If you get to the end of step 1, the refactoring is possible - it will produce a valid result.

This recipe is designed to do Extract Function and nothing else. If you want something else, there are other refactorings for that.

You can commit at the end of any numbered step. At each such point, the code will compile and produce exactly the same results as the original code.

Constraints

This recipe only works on rvalue expressions or on whole blocks (surrounded by braces) or a single for/while/if statement. It does not work on single statements, due to variable lifetime changes. If you need to extract statements but not a block, first execute the Extract Block refactoring

Recipe

1. Introduce a lambda

For a block/for/while/if, surround with:

[&]() {
    // ...
}();

For an expression, surround it with:

[&]() { return
    // ...
;}()

Compile single file. Possible errors:

Search the new lambda for any return statements (using find). If there are any returns:

If it's obvious that all code paths return, then add a return before the lambda:

return [&]() { 
    //...
}();

If it's not obvious that all code paths return, then back up and either Eliminate Early Return/Continue/Break (fix link) or try something different.

2. Extract Variable

  1. Assign the lambda to Applesauce and call it. (Extract Variable)

For example,

[&]() { 
    // ...
}();

becomes:

auto Applesauce = [&]() {
    // ...
};  Applesauce();

Compile to make sure you didn't typo.

3. Set the return type

Set the return type on the lambda, even if it's void. In Visual Studio, the IntelliSense tooltip over auto will tell you the type.

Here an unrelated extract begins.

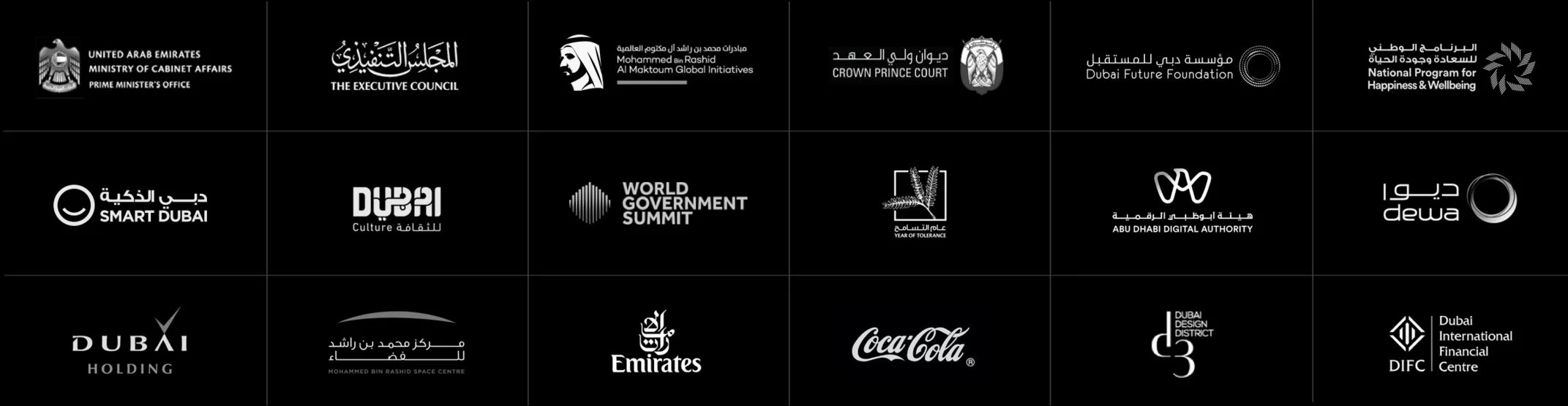 We created Dubai's first national tourism brand, helped build the Smart Dubai initiative, co-authored the Happiness Agenda, built Dubai's Public Art Strategy, helped develop the Dubai Blockchain Strategy, branded UAE's Mission to Mars, trained over 1000 leaders in design thinking, help lead digital transformation for Abu Dhabi Government and have invested in over 50 ventures.

auto Applesauce = [&]() -> SOMETYPE {
    // ...
};

Compile to make sure you got the return type correct.

4. Capture explicitly

Replace [&] with [this] (or [] in a free function) and compile.

For each error about a variable that must be captured:

  1. Copy the variable name
  2. Paste it in to the capture list, prefixed with &.
  3. Repeat until green.

For example,

auto Applesauce = [this, &foo]() -> bool {
    cout << foo;
};

The order of the capture list will influence the order of the parameters of the final function. If you want the parameters in a particular order, now is a good time to reorder the capture list.

5. Convert captures to parameters

  1. Select the capture list (but not 'this') and Cut
  2. Paste into the argument list, removing &s.
  3. Paste into the parameter list and inject const auto in front of each parameter
  4. Compile.
  5. If you get an error because the variable is modified, make it non-const

For example,

auto Applesauce = [this, &i, &s]() -> void
{
	cout << ++i << s;
};
Applesauce();

becomes:

auto Applesauce = [this](auto &i, const auto &s) -> void
{
	cout << ++i << s;
};
Applesauce(i, s);

6. Explicitly specify parameter types

For each argument:

  1. Go-to-definiton on the argument
  2. Copy the variable type
  3. Paste into the lambda parameter list
  4. Compile

For example,

int i = ...
std::string s = ...

auto Applesauce = [this](auto &i, const auto &s) -> void
{
    std::cout << ++i << s;
};
Applesauce(i, s);

becomes:

int i = ...
std::string s = ...

auto Applesauce = [this](int &i, const std::string &s) -> void
{
    std::cout << ++i << s;
};
Applesauce(i, s);

About pointer parameters and the const keyword

When the parameter is a pointer type, it's important to understand how the placement of the const keyword affects the parameter type.

For example, given a local variable in Column* pCol = ..., the original type is "Pointer to Column", so the pointer is what must be const (so we know it's not reseated to point to another object). It's also important to specify that the Column itself is const to avoid losing the implicit constness in the original code as we make the data flow explicit.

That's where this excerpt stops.